# How to do a diode toggle on the Parentheses?



## bengarland (Apr 11, 2020)

I hope this isn't too much of a newbie idea, but part of the Parentheses uses 2 "GE" diodes and I have 2 different types: 1N270 and 1N34 (not 1N34A if it makes a difference). I'd like to add toggles between these two types.

The anode side is common to Q2 (2N5089), but the cathode sides go to different places, so switching between them isn't quite as straightforward as if they were in parallel. Here's the relevant part of the circuit:





*Instead of someone just giving me the answer, I really want to figure this out on my own, BUT...*

Can someone just answer these yes or no questions to help me?

1) If I do this mod, will it give me different sounds / is it worth doing?

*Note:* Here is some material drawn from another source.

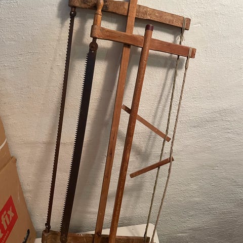 Samling af gamle håndværktøjer bestående af forskellige typer sav, hammer, høvle og måleværktøj. Værktøjerne er primært fremstillet i træ og metal og har et traditionelt design. Egnet til samlere eller til brug i håndværksprojekter, hvor ældre værktøj foretrækkes.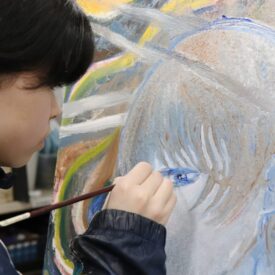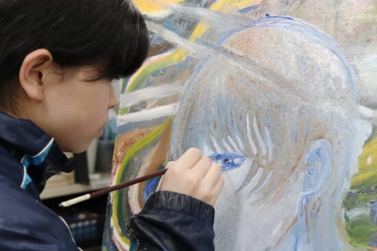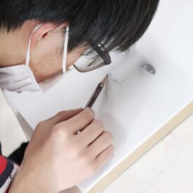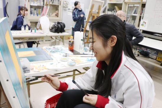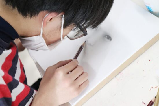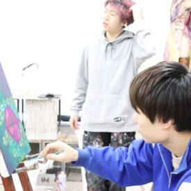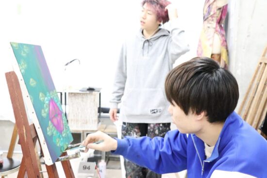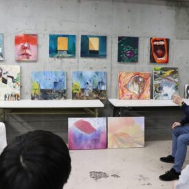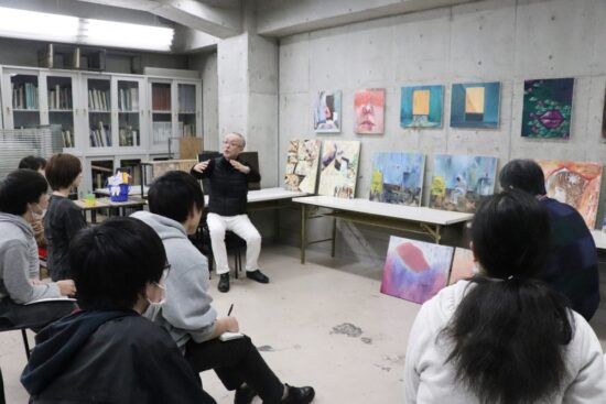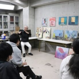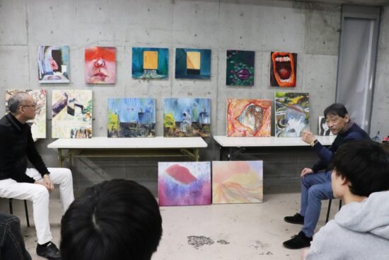 1年生 絵画造形専攻「専攻別実技テーマ制作」工藤礼二郎先生による1年生絵画造形専攻「専攻別実技テーマ制作」の授業です。 「おとこ・おんな」「広い・狭い」のように、意味上の対(つい)をなす言葉を学生各自で選択しそれらを元に二枚の作品を描く。言葉のもつイメージをいかに絵画に置き換えるかをそれぞれの使用画材の特性も考慮しながら構築する。 |

Or do all GE diodes affect the circuit in the same way?

2) Is there any risk to modding it such that 1 of the 1N34 and 1 of the 1N270 are active *at the same time?*

3) Is there anything that I might be overlooking / be aware of?

My basic idea is to install 2 SPDT switches so I could have the following config:

a) 2 of the 1N34 active
b) 2 of the 1N270 active
c) 1 of the 1N34 + 1 of the 1N270 active

Thanks!


----------



## Chuck D. Bones (Apr 11, 2020)

1a) Probably not
1b) Probably not
1c) Should be pretty much the same, but see B below

2) No

3) Yes, see B below

Because you said you wanted to figure this out on your own, I'll add these two thoughts and then shut-up:
A) Try this out on a breadboard and see for yourself.
B) There is discussion in the Troubleshooting forum pertaining to the Parenthesis octave diodes.


----------



## bengarland (Apr 11, 2020)

Thanks! Even if it's the same, it'll be worth exploring simply for the experience.

Is there any good resource that gives a list of what components are good for swapping?

e.g. "If the circuit calls for Diode Type X, you can substitute Diode Type Y for a different sound." Maybe this applies to different transistor types too?

To be clear, I'm interested in substitutions which will give different sounds without much other circuit modification needed (maybe something simple, like also needing one different resistor or capacitor which is a direct "neighbor" in the circuit, and can easily be in-lined) -- not substitutions which don't affect the sound (e.g. for hard to find parts).

I'd really like to get into modding more of these pedals now that I feel confident about building them "as is", but I really have no idea where to start, which parts are easily (commonly) modified, etc. I really like reading about this stuff in real books (even if it's just a PDF) versus on websites because I find books to be better organized and easier to follow.


----------



## Barry (Apr 11, 2020)

Overdrives are where you can get some difference swapping diodes, LED's have more headroom, symmetrical VS asymmetrical....


----------



## Chuck D. Bones (Apr 12, 2020)

Understanding how the circuit works and what you want it to do different is the best basis for modding.  Otherwise, you're just shooting in the dark.  Sometimes, not often, but sometimes trying something way outside the box can yield interesting and useful results.  You wanted to try different diodes in the Parenthesis Octave section.  Why?  Do you not like the sound?  Diode-based octave circuits are pretty simple.  To get the cleanest octave, the diodes need to be balanced, otherwise too much fundamental tone leaks thru.  The Parenthesis has a BLEND control to add fundamental back in, so there's really not much point in deliberately unbalancing the octave diodes.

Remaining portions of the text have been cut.